Escorted by the soldiers, and with the Bishop by his side, the Count proceeded to the Market Square, repeating, as he walked, some verses from the Fifty-first Psalm. In the Square 3000 Spanish troops were drawn up in battle array. In the centre of the Square a scaffold had been erected. Upon the black cloth which covered it were placed two velvet cushions, two iron spikes, and a small table. On the table lay a silver crucifix. From every window and roof fearful and sorrowful faces gazed down upon the scaffold, while in the Square itself there surged and swayed a restless throng. The Count is seen approaching. His face is grave, and he quietly acknowledges the murmured greetings of the down-trodden crowd. With steady step he mounts the scaffold, and, kissing the crucifix, he kneels on one of the cushions. Drawing a silk cap, which he had brought for the purpose, over his eyes, he repeats the words, "Into Thy hands, O Lord, I commend my spirit," and as the words are still on his lips the executioner strikes off his head. A shudder passes over the vast crowd. Tears fall even from the eyes of the Spanish soldiers, who have known and honoured Egmont as a valiant general.
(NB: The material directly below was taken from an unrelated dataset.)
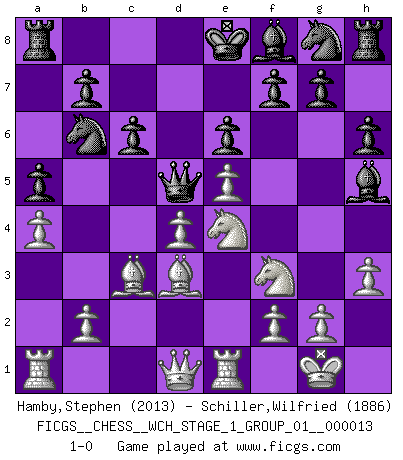 Last move : 1-0 2014 May 18 19:52:24 [Event "FICGS__CHESS__WCH_STAGE_1_GROUP_01__000013"] [Site "FICGS"] [Date "2014.03.03"] [Round "1"] [White "Hamby,Stephen"] [Black "Schiller,Wilfried"] [Result "1-0"] [WhiteElo "2013"] [BlackElo "1886"] 1.d4 d5 2.c4 c6 3.Nc3 Nf6 4.Nf3 dxc4 5.a4 Bf5 6.e3 e6 7.Bxc4 Nbd7 8.O-O Bg6 9.Bd3 Bh5 10.e4 a5 11.e5 Ng8 12.Ne4 Nb6 13.Bg5 Qd5 14.Qe2 h6 15.Bd2 Qd8 16.Qd1 Qd5 17.h3 Qd8 18.Bc3 Qd5 19.Re1 1-0 QGD Slav defense Kingside Castling by player White (move 8) Player White won this chess game. Follow this game move after move (download)Only sissies Castle. (Rob Sillars) Über Kasparov: Es ist offensichtlich, daß er in einem totalitären Staat aufwuchs und deshalb zu diktatorischen Zügen neigt. (Viktor Kortschnoi) La enorme capacidad mental, en la que sin ella no puede un jugador de Ajedrez existir, es demasiado requerida por el Ajedrez al grado de que nunca podrá liberar su mente de este juego. (Albert Einstein) Horreur, mais aussi harmonie suprême : qu'y avait-il en effet au monde en dehors des échecs ? Le brouillard, l'inconnu, le non-être... (Vladimir Nabokov) Lamb in skin of tiger, still fears the wolf. (Chinese proverb)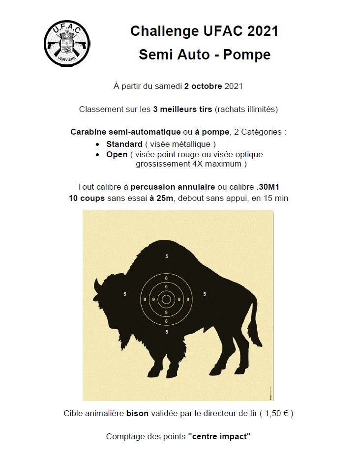 Inscription pour une première catégorie 8 € donnant droit à la participation au tirage au sort de bons d’achat de 100€, 50€ et 25€ valables chez notre partenaire LiègeArms

In the centre of the square a scaffold had been erected. |
Of Count Hoorn's last hours less is known, though we learn that the terrible sentence left him as it found him, calm and composed. He was now seen to advance through the crowd, his head uncovered, his hands unbound. Calmly greeting those whom he recognised, he spoke a few words to the people, wishing them happiness, and begging them to pray for his soul. Uttering in Latin the very words that were last on Egmont's lips, he bent his neck to the stroke of the executioner. The heads of both victims were then exposed for three hours upon the iron stakes, the bodies being thereafter delivered to their friends. In spite of the soldiers, the populace crowded about the scaffold, muttering curses and uttering vows of vengeance on the Spaniards.
If the people had hated Philip before, their hatred was now increased tenfold. The execution of the nobles was ascribed, it is true, to the jealousy of the Duke, but Philip did not fail to proclaim his satisfaction with the deed, or to state that the Governor-General had only done what justice and duty demanded.